Anyone who has visited a dentist’s office or hospital knows that invisible x-rays can go right through us and produce shadowy images of our teeth or bones. These common images already portray quite a bit about the nature of x-rays: they are a high energy light that can penetrate deeply into matter; they can be preferentially absorbed by dense matter (like bone); and they make fuzzy grayscale images on film.

How Small is Small?

These are just a few of the many properties of x-rays that bring hundreds of scientists—chemists, biologists, physicists, environmentalists, and art historians—to CHESS each year in order to peer inside all sorts of materials. Unlike medical x-ray sources, the CHESS x-ray beams produced by the CESR synchrotron are small, laser-like beams with intensities hundreds of millions of times brighter than radiograph machines.
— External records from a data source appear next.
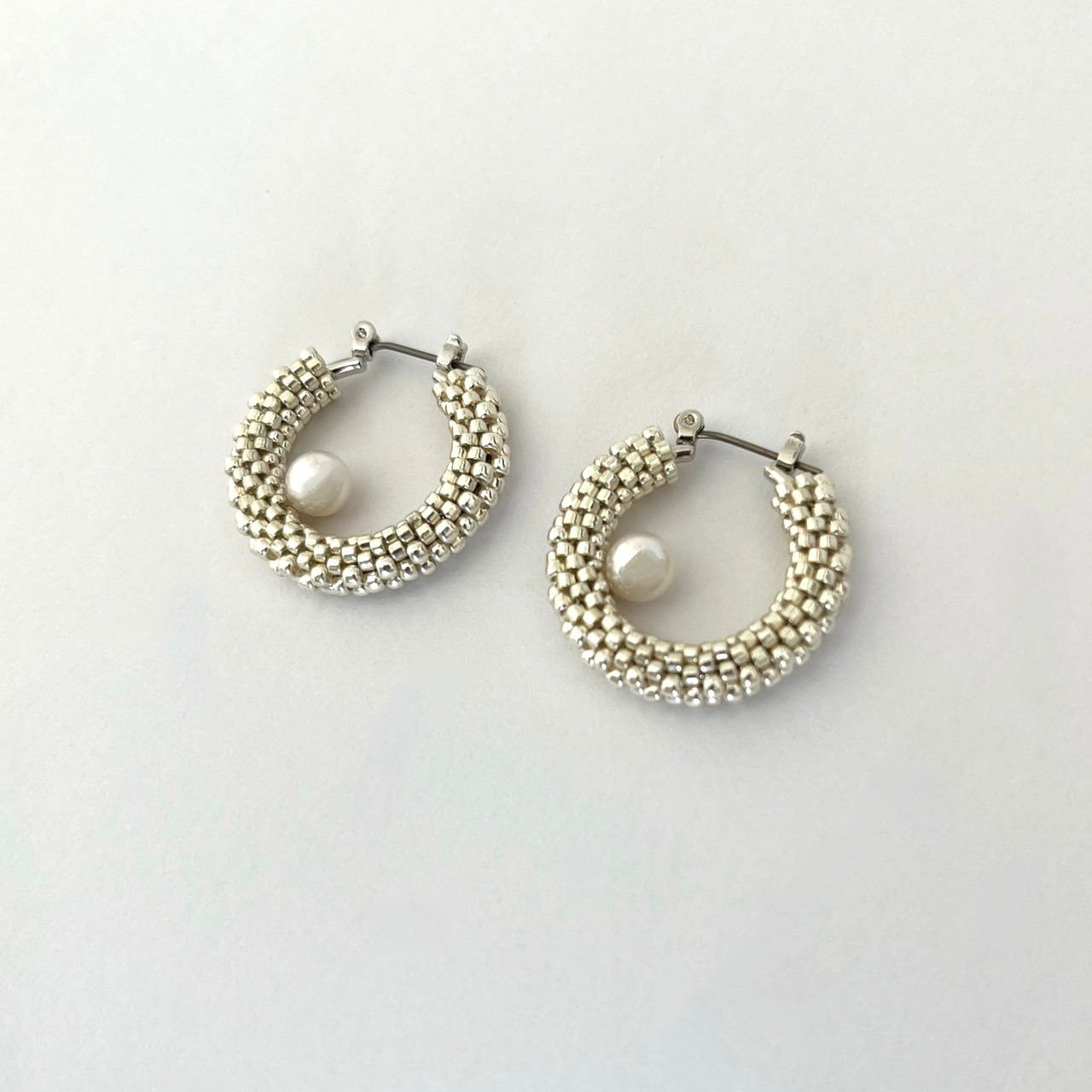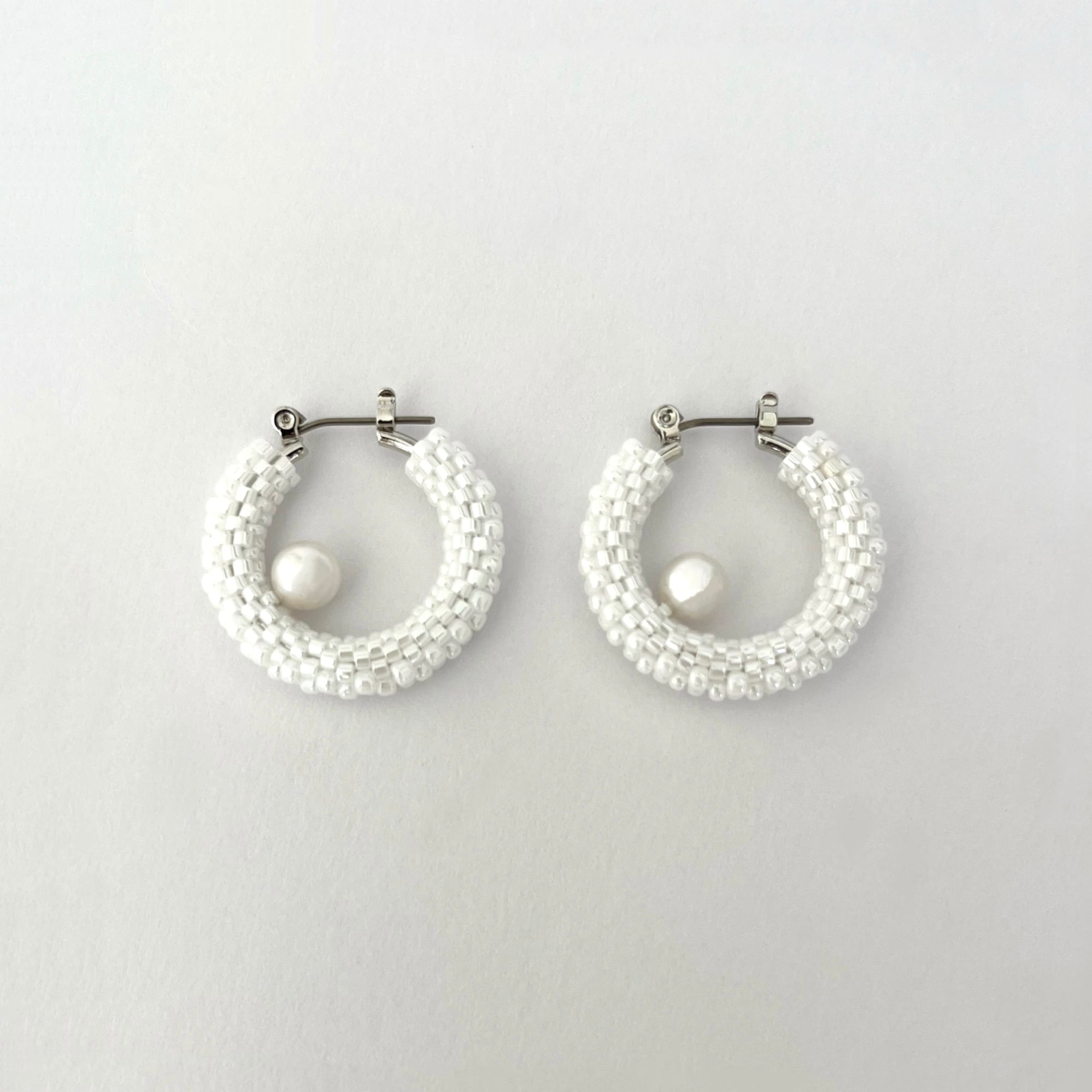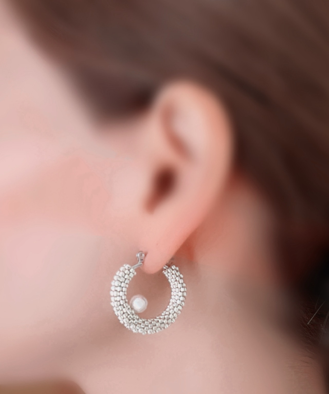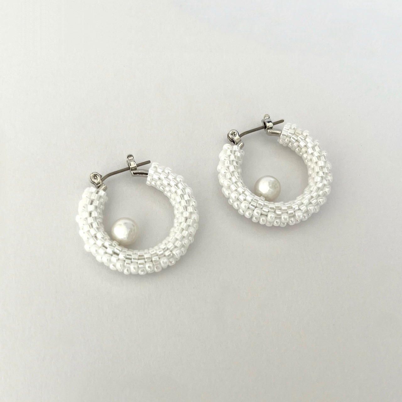 ビーズを一粒ずつ丁寧に編み込み、耳元をさりげなく彩るフープピアスに仕立てました。
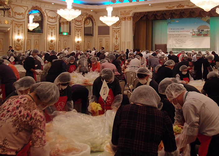 【宮城】「仙台白菜で作るキムチフェスティバル」(仙台総領事館、宮城県など主催、仙台市共催)が18日、仙台市内のホテルで行われ、市民約220人が参加した。東日本大震災の被災地支援と韓日交流促進を目的としており、今年で3回目。
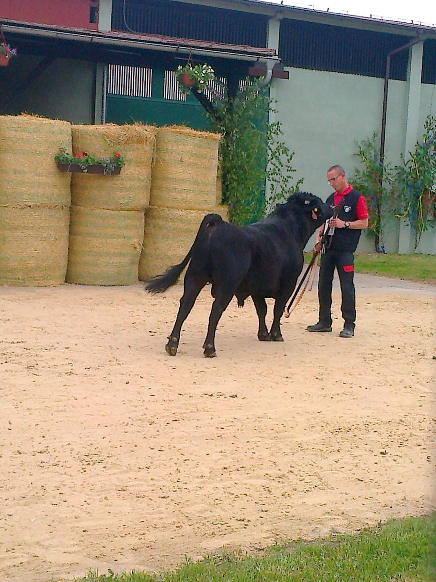 V areálu plemenářské sanice byla příjemná atmosféra, potkali jme se s několika známými. Po dobrém obědě – podávali hovězí guláš, následovala přehlídka. Nejprve předváděli býky dojných plemen, po nich býky masných plemen. Opravdu bylo nač se dívat. Jako novinka mezi chovnými kusy byl předveden býček plemene dextr z chovu Karla Rodena. Myslela jsem si, že je to pouhá shoda jmen, ale ukázalo se, že chovatelem je opravdu herec Karel Roden. Plemeno dextr pochází z Irska, jsou to potomci původního skotu Keltů a pan Roden jich má celé stádo. Kravičky jsou malého vzrůstu, vhodné pro začínající chovatele.
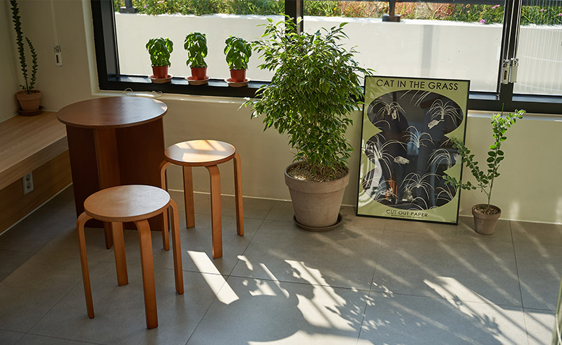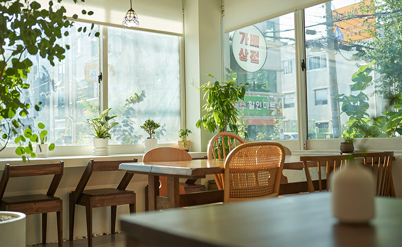 여기가 이전에 애견카페를 했다고 하더라고요. 그런데 굉장히 깨끗하게 잘 관리되어 있었어요. 그래서 벽은 페인트를 칠해 포인트를 줬고, 테이블과 의자를 구매하기 위해 인천까지 올라가서 발품을 팔았죠. 그때 정말 힘들었어요. 울산에서 인천까지 거리가 꽤 되잖아요? 가구도 카페 톤에 맞춰야 하고. 그러다 보니 요즘 유행하는 트렌드의 카페와는 분위기가 사뭇 달라요, 저희 카페가. 자연 친화적이죠. 그런 점을 좋아해주시는 손님들도 계시고요.
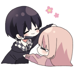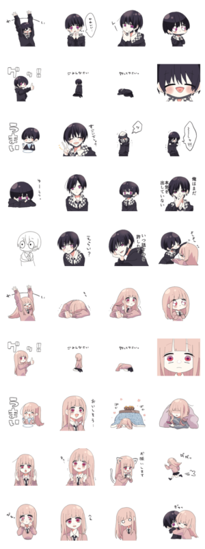 男の子と女の子です。マスクしてます。スタンプで会話を更に楽しんでみましょう。佐々倉さくら より発売
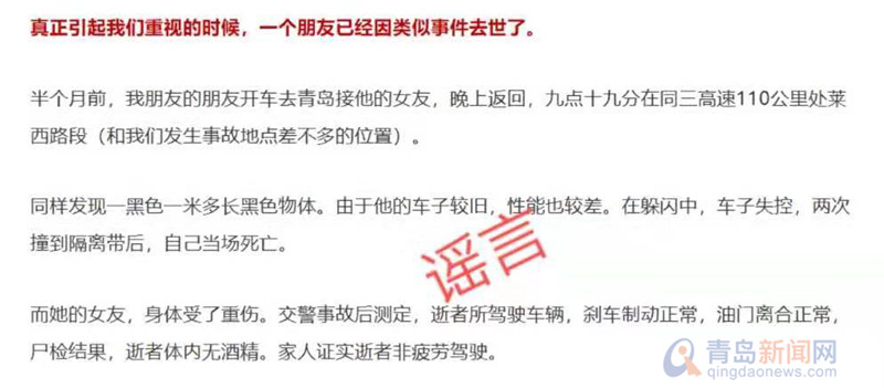 經(jīng)“山東高速交警”核實(shí),青島、煙臺(tái)高速交警近年來(lái)均未接到過有關(guān)投擲障礙物從而引發(fā)交通事故進(jìn)行搶劫類的警情,文中所提到的同三高速已于2007年改名為沈海高速,威烏高速也已于2007年改名為榮烏高速。2009年以來(lái)該虛假信息在互聯(lián)網(wǎng)多次傳播,為此“青島公安”在2012年10月2日,通過微博專門發(fā)布過辟謠信息。
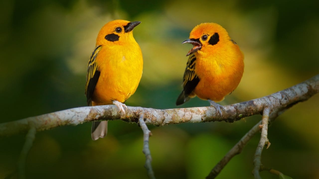 The Golden Tanager is predominantly yellow with black markings on its wings and tail. Found in humid forests in countries like Colombia, Ecuador, and Peru, it thrives in montane forests.
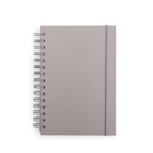 Descrição: Caderno com capa dura em couchê, encadernação wire-o, marcador de páginas em fita de cetim e elástico para fechamento. Conta com aproximadamente 160 folhas brancas com pauta.
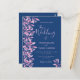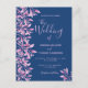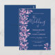 Una invitación a la boda floral y a la moda en azul y rosa Un fondo azul moderno decorado con estribos y follaje de color rosa botánico. Guión moderno de gran tamaño con letra, tipografía con el texto: El boda de. Personalice y agregue sus nombres y detalles del boda. Texto rosado. Fondo azul.
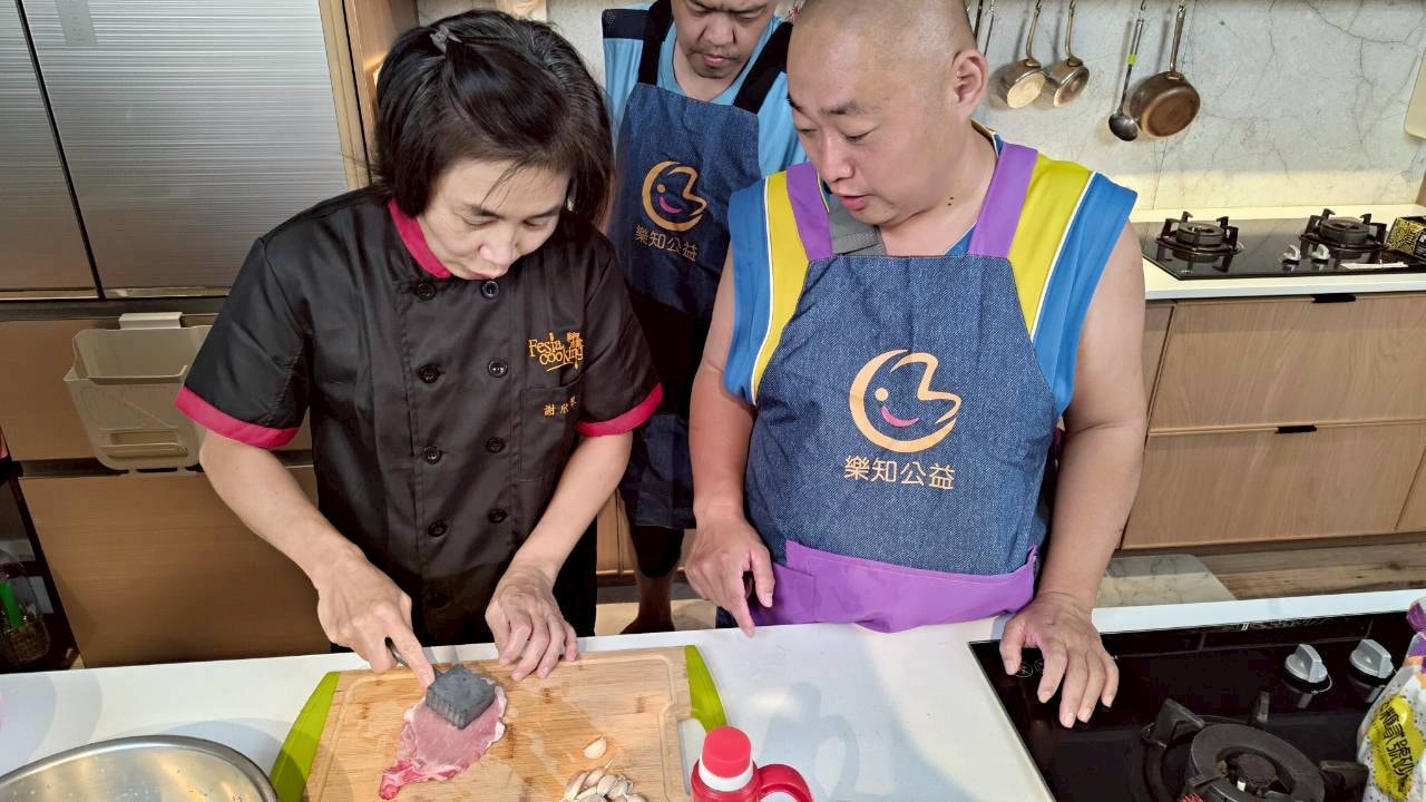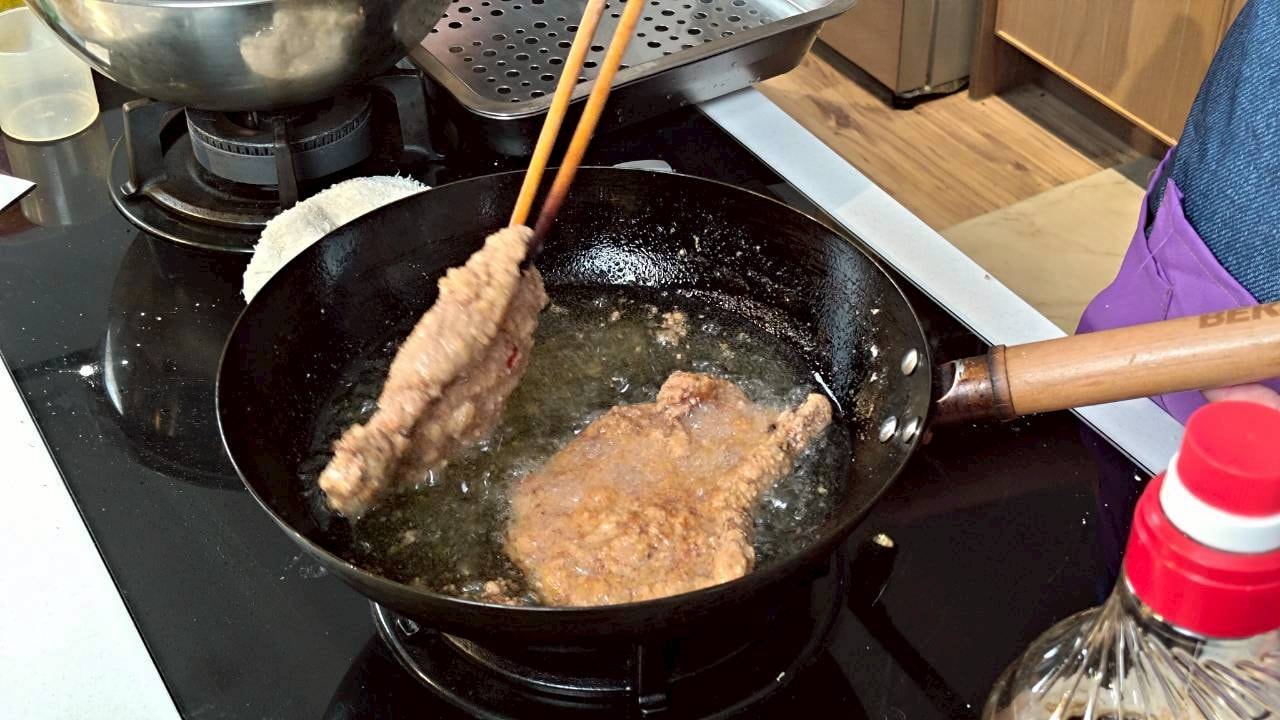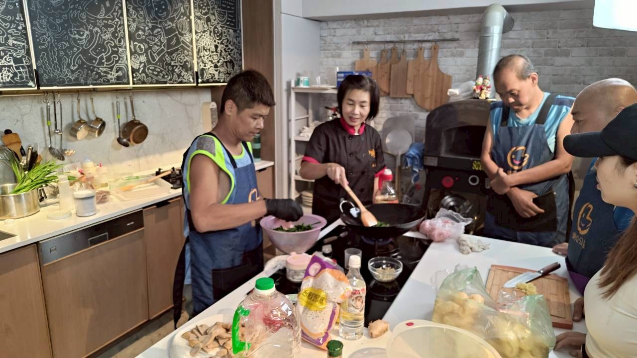 「這顏色好完美!」學員們看著油鍋裡金黃酥脆的排骨,忍不住發出驚嘆聲,還有人拿起鏟子比劃起「大廚」的姿勢,逗得大家哈哈大笑;雖然有人因翻鍋太快讓油濺上圍裙,但也在旁人的幫忙下,一邊擦拭一邊互相取笑自娛,絲毫沒有影響到大家的好心情。

These small, intense beams are perfect for examining extremely small specimens. The typical sample brought to the synchrotron is a millimeter in size, and many are so small, they cannot be seen by eye. In addition, high energy x-rays have very small wavelengths, typically a tenth of a nanometer or smaller, a length commonly referred to as the Angstrom unit. These wavelengths are 1,000 times smaller than visible light. Because they are so small, x-rays are one of the few tools perfectly adapted to peering inside almost anything to “see” actual arrangements of atoms and molecules.

From Concrete to DNA

Just about anything can be studied with x-rays—from concrete to DNA. Hundreds of measurement techniques use x-rays. Some are as simple as x-ray absorption (like the medical radiograph), and others are more complicated procedures that measure tiny changes as x-rays pass through a sample.